New

Research

I'm interested in understanding human communication using machine learning and statistical models, and constructing systems that can recognize and interpret communication scenes. My research career is grounded in speech processing, and our approaches start from the signals.

Speech Recognition and Synthesis

How can we improve conversational speech recognition? How can we make speech synthesis more natural? We are looking at better speech recognition systems that are better adapted or normalised to new domains or speakers, that can be ported across languages, and that are robust to different acoustic environments. We are particularly interested in models based on deep neural networks, for both acoustic modelling and language modelling. Current research students in speech recognition and synthesis include Pawel Swietojanski and Siva Reddy Gangireddy. Researchers working with me on speech recognition include Peter Bell, Joris Driesen, Liang Lu, and Fergus McInnes.
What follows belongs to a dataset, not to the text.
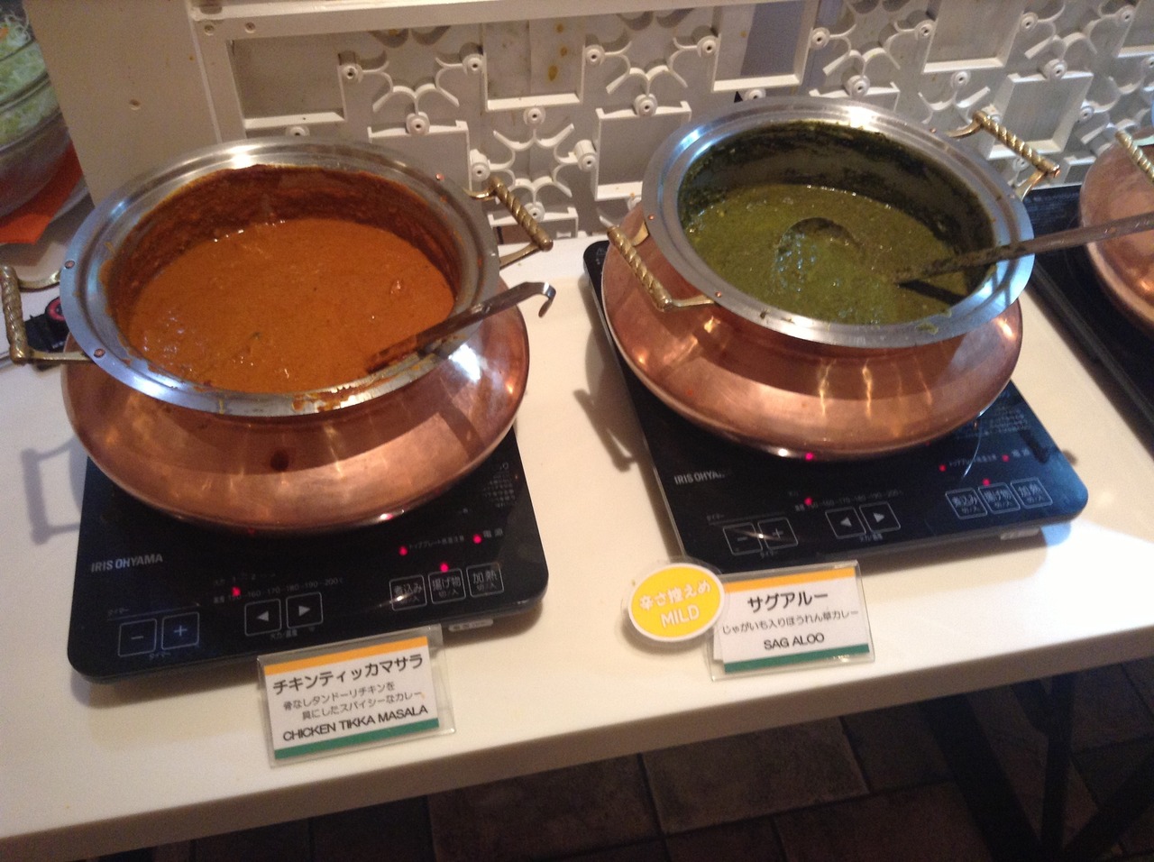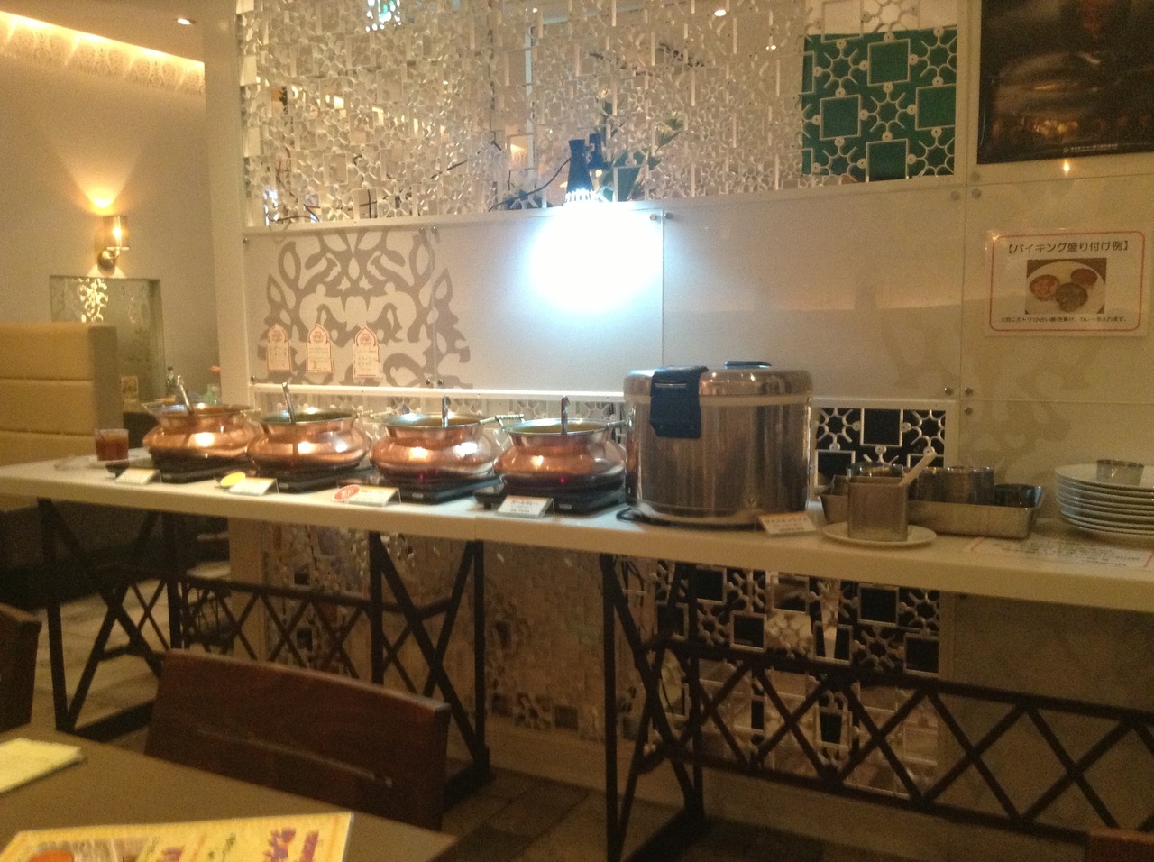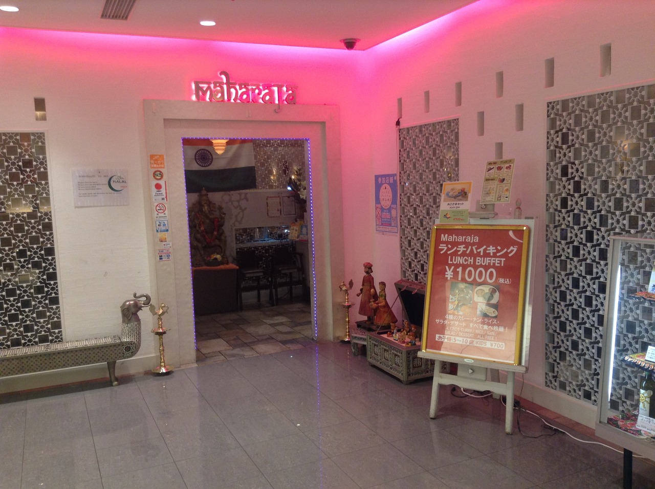 マハラジャは、新横浜の駅ビルキュービックプラザの飲食店街にあるインド料理店です。ランチはブュッフェで、チキン、ダル、野菜、ほうれん草のカレー、ナン、ごはん、サラダが食べ放題。ドリンクもマンゴラッシーが100円でした。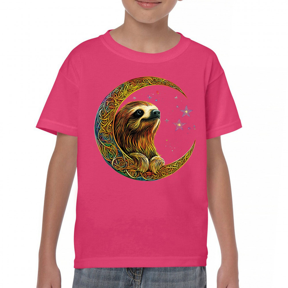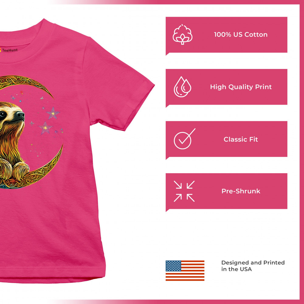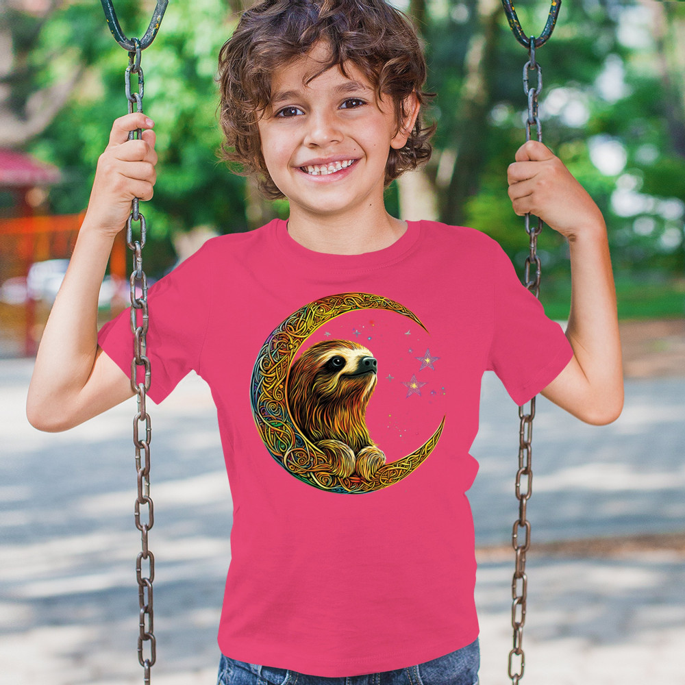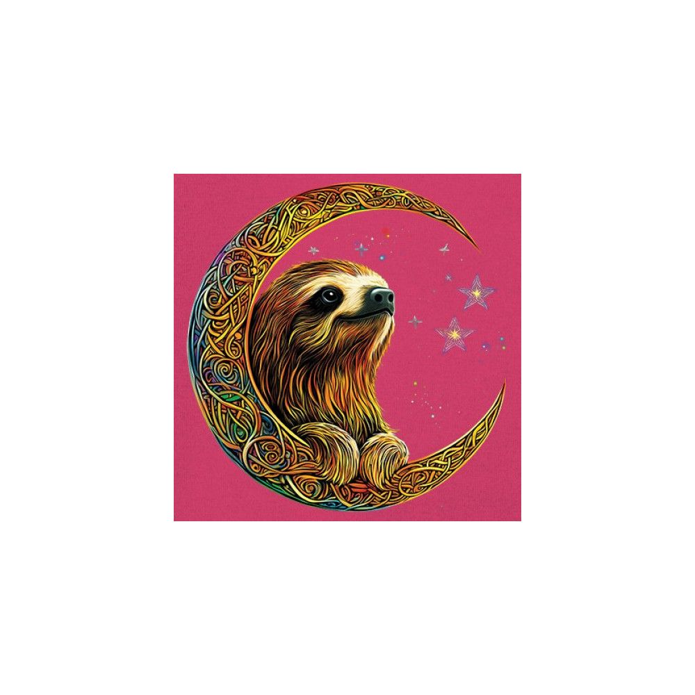 Celebrate peace and presence with this stunning sloth design cradled in a gold Celtic crescent moon. Surrounded by a vibrant starry sky, the image blends jungle whimsy with tribal patterns and mystical vibes. A perfect design for lovers of fantasy animals, mindfulness, and slow living. A beautiful tribute to spiritual stillness and cosmic calm.

In speech synthesis, these days I just try to keep up with the great work of Simon King, Junichi Yamagishi, and their colleagues, as well as working with Korin Richmond on tongue modelling and Shinji Takaki on deep neural network acoustic models.
Read more...

Multimodal Interaction

Human communication is factored across more than one modality. The analysis and interpretation of multimodal interaction presents a number of challenges, ranging from ways to model multiple asynchronous streams of data to the construction of systems that can interpret aspects of multiparty human communication. A lot of this work is about augmenting communication in meetings (previously in the AMI and AMIDA Integrated Projects, and now in the InEvent) project; we are also interested in the development of systems for home care. Current students in multimodal interaction include Karl Isaac, and I work with Catherine Lai, Qiang Huang, Jonathan Kilgour, and Jean Carletta in these areas. And I try to keep up with Hiroshi Shimodaira's work on synthesising conversational agents and social signals.
Read more...

Projects

I'm principal investigator of the following projects: Natural Speech Technology, Ultrax, InEvent, and uDialogue. I'm a co-investigator on SSPNet, EU-Bridge, and Simple4All. Previous projects include the AMI and AMIDA Integrated Projects.

Opportunities

We are always looking for excellent research students: see the page about PhD opportunities at CSTR. I am not looking for visiting interns for the foreseeable future.

Teaching

This year I am teaching Speech Processing (Learn) and Automatic Speech Recognition (jointly with Hiroshi Shimodaira).